# renewal mickey take



## craigeh123 (Dec 26, 2011)

Admiral multicar . Renewal 830 re enter details quote of 560 . What a joke , however this time cheaper cheaper to do separates elsewhere


----------



## B17BLG (Jun 26, 2012)

My renewal came through this month. 3.5k from Privilege! 

Lady asked if i had found it anywhere else cheaper lol!!

I said im struggling to find it more expensive if im honest


----------



## Audi m8 (Feb 6, 2013)

I don't understand why insurance companies do this when they know people will check and compare for the best deal. It just drives me away from them thinking they are rip off...!!


----------



## Davemm (Mar 9, 2009)

just done mine, gone from £407 third party to £312 fully comp with an additional driver. 

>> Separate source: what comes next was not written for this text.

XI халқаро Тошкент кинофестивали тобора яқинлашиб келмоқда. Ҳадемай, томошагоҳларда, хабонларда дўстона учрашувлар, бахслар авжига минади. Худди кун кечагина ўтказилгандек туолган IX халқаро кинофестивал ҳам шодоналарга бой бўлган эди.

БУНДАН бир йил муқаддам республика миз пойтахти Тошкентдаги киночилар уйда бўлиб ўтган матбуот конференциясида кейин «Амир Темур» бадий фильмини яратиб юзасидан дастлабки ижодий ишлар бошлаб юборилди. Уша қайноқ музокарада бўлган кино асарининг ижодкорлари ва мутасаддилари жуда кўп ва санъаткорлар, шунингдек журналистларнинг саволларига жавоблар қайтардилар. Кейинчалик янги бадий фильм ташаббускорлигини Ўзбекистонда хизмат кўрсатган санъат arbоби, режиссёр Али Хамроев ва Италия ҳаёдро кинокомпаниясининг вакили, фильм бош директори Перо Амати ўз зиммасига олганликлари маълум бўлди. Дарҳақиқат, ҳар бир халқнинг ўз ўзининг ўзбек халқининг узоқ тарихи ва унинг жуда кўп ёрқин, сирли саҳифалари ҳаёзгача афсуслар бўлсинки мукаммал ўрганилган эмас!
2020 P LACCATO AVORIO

They would beat the new price but not do a fully comp policy, because the car value is to low. really cant stand insurance company's and really don't see how they can get their prices.


----------



## danwel (Feb 18, 2007)

craigeh123 said:


> Admiral multicar . Renewal 830 re enter details quote of 560 . What a joke , however this time cheaper cheaper to do separates elsewhere


It's scandalous, you essentially get penalised for being an existing customer!


----------



## craigeh123 (Dec 26, 2011)

Its like they think we are to dumb to check . It took me 10 minutes


----------



## Natalie (Jan 19, 2011)

You get people that will just auto renew though, lad at work was saying he's been doing it for years with his home insurance because he didn't think there would be much difference. Found out he could save himself a couple of hundred a year by changing.


----------



## Naddy37 (Oct 27, 2005)

Audi m8 said:


> I don't understand why insurance companies do this when they know people will check and compare for the best deal.

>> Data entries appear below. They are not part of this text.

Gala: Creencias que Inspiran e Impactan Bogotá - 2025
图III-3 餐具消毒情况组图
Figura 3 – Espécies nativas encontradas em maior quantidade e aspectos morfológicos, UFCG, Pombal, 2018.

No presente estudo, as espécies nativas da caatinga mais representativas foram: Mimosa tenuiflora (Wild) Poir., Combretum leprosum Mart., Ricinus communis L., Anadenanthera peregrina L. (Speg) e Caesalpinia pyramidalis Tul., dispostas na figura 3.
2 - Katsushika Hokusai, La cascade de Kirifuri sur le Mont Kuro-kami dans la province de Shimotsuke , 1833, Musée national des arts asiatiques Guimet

And get a MeerKat if you go to the right peeps.....


----------



## Guitarjon (Jul 13, 2012)

Me and my partner were with them. Right rob dogs. Even when they were the cheapest I the first year they tried to charge us for all sorts. Wouldn't go with them again on principle.


----------



## danwel (Feb 18, 2007)

craigeh123 said:


> Its like they think we are to dumb to check . It took me 10 minutes


Surprising how many just renew though


----------